“When I look at the world now, my posture is not one of focus but rather of attention.”
– Robert Irwin
At the heart of Seeing Is Forgetting the Name Of the Thing One Sees (1982/2009), Lawrence Weschler’s biography of the artist Robert Irwin, are two intertwined and reoccurring ideas: presence and perception. Irwin (1928-), an American conceptual/installation artist, began his art career in the 1950s with paintings of lines and dots, then, in the 1960s, moved to painting round aluminum discs. By the 1970s he had gone beyond what he felt were the arbitrary edges of canvas and art object to take on the museum spaces themselves as the subject matter of his installation art. Since the 1980s, Irwin has worked on permanent outdoor installations intended to enhance their environments. In the process, his work has become ever less material, and increasingly concerned with getting us to experience a perceptual state in which we notice ourselves noticing.
As Weschler meticulously documents his subject’s evolution through copious interviews, what happened was that Irwin, a self-taught artist, came to realize that art is not about the art thing as much as the experience such things (or spaces) can engender. “It’s about presence, phenomenological presence” (61) he says. Irwin came by his realization organically, early in his career. While working on paintings, he became frustrated by the tendency of his images to signify and the impossibility of a “neutral gesture” (60). Was there a way to escape this? A way to “maximize the energy or the physicality of the situation and minimize the identity or idea or imagery of the situation”? (90) What Irwin wanted was presence without representation, “a reduction of imagery to get at physicality, a reduction of metaphor to get at presence” (200). Presence as affect, as materiality, as spirit, as feeling, as structure.

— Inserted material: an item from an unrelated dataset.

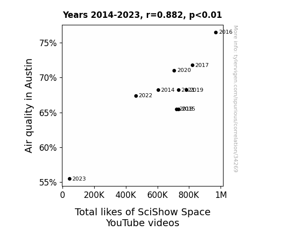 This means 77.8% of the change in the one variable (i.e., Total likes of SciShow Space YouTube videos) is predictable based on the change in the other (i.e., Air quality in Austin) over the 10 years from 2014 through 2023.

Remarkably, Irwin came to his insight about the importance of presence by spending massive amounts of time just staring at his works in progress. In looking for extended periods he began noticing differently: “paying attention to my own sensibility and taking stock of it and deciding that too many things in there simply didn’t make sense” (67). Tweaking his work, removing material instead of adding it, Irwin developed a stance in relation to his work that could enlist boredom as “a very good tool” (73). In paying attention, he “just attended to the circumstances, and after weeks and weeks of observation, of hairline readjustments, the right situation would presently announce itself” (74).

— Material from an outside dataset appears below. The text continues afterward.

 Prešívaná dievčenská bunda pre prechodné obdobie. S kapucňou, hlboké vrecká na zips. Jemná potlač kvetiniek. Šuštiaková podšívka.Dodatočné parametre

Eventually, the right situation would entail jettisoning the conventional equipment of art making and taking on, literally, less material projects. Irwin tells Weschler that some of the inspiration for this shift towards installation art came from drives he took into the California desert. Here and there, Irwin would sense (“intuition is about sensing facts before they materialize” [143]) something powerful and stop the car to go investigate on foot. He realized that it would be pointless to artistically “mark” such spaces with his own designs, yet was nevertheless inspired by how a naturally occurring space could have such powerful affect. Ultimately, for Irwin presence and perception are a set of relations that constitute the real subject matter of art. “We’re not really aware of what takes place otherwise, the so-called incidentals, the information that takes place between things,” he says, “the kind of things that happen around, the multiple interactive relations” (148).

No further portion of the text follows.